# Rain Shadow 1569



## rheard514 (Feb 12, 2006)

Just wondering how much a customn would cost and the best person/place to get it built would be?


----------



## chris storrs (Aug 25, 2005)

get clyde to do it, he does great work.has done three new rods for me and repairs. awesome work and prices


----------



## NTKG (Aug 16, 2003)

it can range from 250-400


----------



## CrawFish (Sep 23, 2003)

chris storrs said:


> get clyde to do it, he does great work.has done three new rods for me and repairs. awesome work and prices


Agreed... wondering what rods he built for you? He built 2 for me..


----------



## NTKG (Aug 16, 2003)

i got a stripped blank if you want it....


----------



## thebeachcaster (Aug 7, 2006)

One Name. Clyde.


----------



## Sea2aeS (Jan 7, 2005)

get "Heaver" aka Lou Reyna to do it.


----------



## NTKG (Aug 16, 2003)

CrawFish said:


> Agreed... wondering what rods he built for you?

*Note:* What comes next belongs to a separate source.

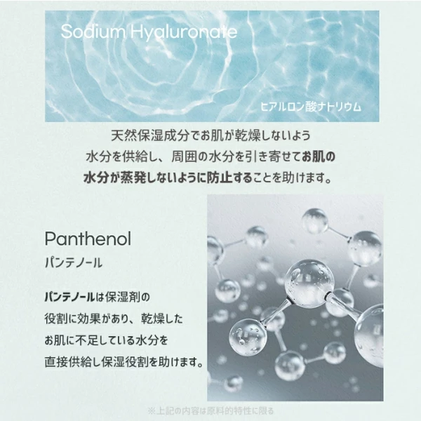 水、グリセリン、BG、ヒアルロン酸Na、グリセレス-26、PEG/PPG-17/6コポリマー、ポリソルベート80、フェノキシエタノール、1,2-ヘキサンジオール、TEA、カルボマー、キサンタンガム、トレハロース、アラントイン、グリチルリチン酸2K、ツボクサエキス、ヨモギエキス、ティーツリーエキス、香料

He built 2 for me..



if you want a quality built rod... clydes work as far as people i have seen has been the best. each rod i have seen from him, not just as an exception has been flawless.


----------



## chris storrs (Aug 25, 2005)

CrawFish said:


> Agreed... wondering what rods he built for you? He built 2 for me..


dint see this till now
hes done an inferno, a zziplex dymic HST, and a W.R.I. blank of somesort taht never went to production in numbers


----------



## huckfinn38 (Jun 13, 2006)

*1569 Question*

Any of you guys ever cut any off the Tip of a 1569. I cut 2.5-3 of a 1502 Lami. I want a 1569 that will throw 8 n bait well. Let me know please!


----------



## clpoudnine23 (Dec 21, 2005)

*Jebson...*

No need to cut tip off the 1569. It will throw 8nbait very well or even 10nbait if you need it. Fished with my 1569 all last week at it did great with 8 and a CHUNK of bait or fish head. Some people cut some off the butt if 13 feet is too much. JMO.


----------



## ReelinRod (May 29, 2003)

clpoudnine23's right, keep the tip as is, any trimming should be at the butt. I took mine down to 12'-6" leaving the tip alone, wouldn't want to see (or cast) a 1569 with the tip trimmed 6 inches.


----------



## huckfinn38 (Jun 13, 2006)

*Thanks*

That is what I wanted to know. Charlie did you cut any off the butt of yours?


----------



## clpoudnine23 (Dec 21, 2005)

*no....*

Left mine at 13 feet.


----------



## AndyMedic (Mar 22, 2003)

Sea2aeS said:


> get "Heaver" aka Lou Reyna to do it.


I will second his work, I have a 1569 wrapped by him.


----------